Since $y_{2n+1}=8B_{n}B_{n+1}+1$ and $y_{2n+1}=$ $Q_{2n+1}^{2}/4,$ it
follows that $B_{n}B_{n+1}$ is a triangular number. Moreover, it follows
from Lemma \ref{L2.2} that $y_{n}$ is odd if and only if $n$ is odd and $%
y_{n}$ is even if and only if $n$ is even.

\section{Main Theorems}

In the previous sections, we mentioned the well known elementary properties
about triangular, square triangular, balancing and cobalancing numbers.

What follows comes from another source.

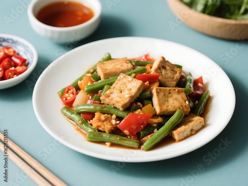 tempeh, green beans, garlic, ginger, soy sauce, alimentary

In
this chapter, by using the previous theorems, lemmas and identities we prove
some new properties concerning balancing numbers and square triangular
numbers. The principal question of our interest is whether the product of
two balancing numbers greater than $1$ is another balancing number. We will
show that the answer to this question is negative. Similarly, we will show
that the product of two square triangular numbers greater than $1$ is not a
triangular number. The product of two oblong numbers may be another oblong
number and similarly, the product of two triangular numbers may be another
one. For a simple example, $2$ and $6$ are two oblong numbers. The product
of them is $2\times 6=12$ and $12=3(3+1)$ is another oblong number.
Similarly, $3$ and $15$ are two triangular numbers. The product of $3$ and $%
15$ is $3\times 15=45$ and $45=\dfrac{9(9+1)}{2}$ is another triangular
number. Also it is obvious that the product of two consecutive oblong
numbers is another oblong:

\begin{equation*}
\left[ (x-1)x\right] \left[ x(x+1)\right] =(x^{2}-1)x^{2}.
\end{equation*}%
For solving the general problem, we need to solve the Diophantine equation 
\begin{equation}
x(x+1)y(y+1)=z(z+1).  \label{1.11}
\end{equation}%
In \cite{TRYGV}, Breiteig gave recursion formulae for the solutions $x,y,$
and $z$ satisfying the equation (\ref{1.11}). For more information about the
product of two oblong numbers, one can consult \cite{TRYGV}.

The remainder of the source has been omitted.